Now, I am trying to build a new vision of the kind of guy I want ... someone kind, warm, gentle. Someone who would ask me out instead of making me ask him out. I want a guy who loves me deeply and who tells me so directly and often. He has to be emotionally healthy and stable (especially since I'm not those things myself (but I'm trying to remedy that, so that I'll be a fit mate for him)). He won't be obsessive or creepy at all - he wouldn't play with me or mess with my mind. He is tender, gentle, and romantic - he will bring me flowers, and write me poems and love letters. We will picnic outdoors and read poetry together under the trees, watch the sunset, stars, and sunrise together. We will each be each other's second best friend (second to God). We will only love God more than each other. We will truly and deeply enjoy each other's company and conversation. Everything about who he is will be so warm, kind, honest, sincere, true, and gentle. He will be wise, thoughtful, and tactful.

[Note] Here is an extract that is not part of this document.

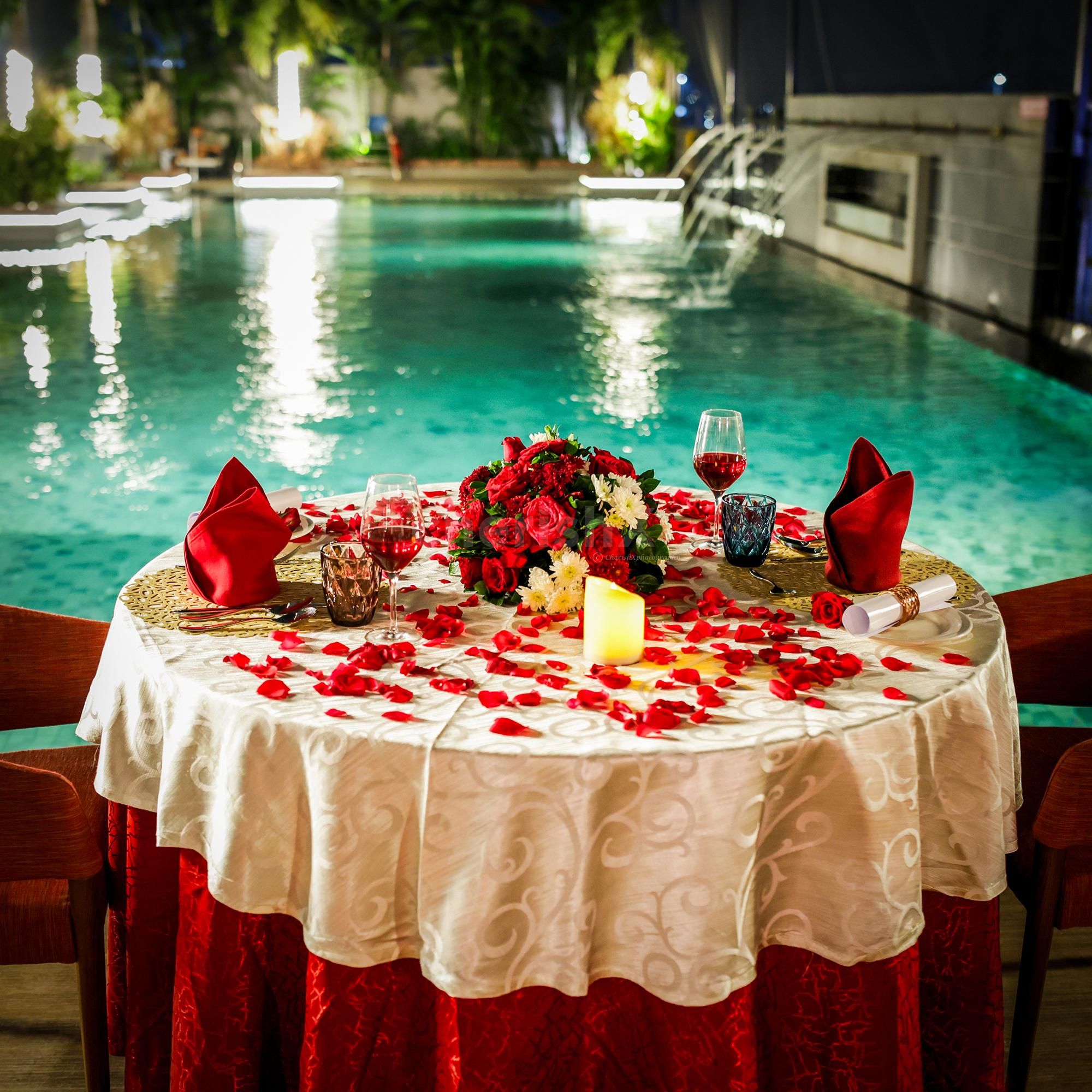 Celebrate love in a decorated table at poolside with a 4-course meal

He will treat me like a priceless, beautiful, irreplaceable treasure. Long before he ever starts doing those romantic things I mentioned in the paragraph above (flowers, poems, love letters) he will have gotten to know me - he won't ask me out until he knows me and has become friends with me. He will be a man whom I can look up to, respect, and depend on. He will never be unfaithful to me, his love for me and his morals will be too strong to allow such a thing. He will be everything I've always dreamed of (that's good and healthy) and more.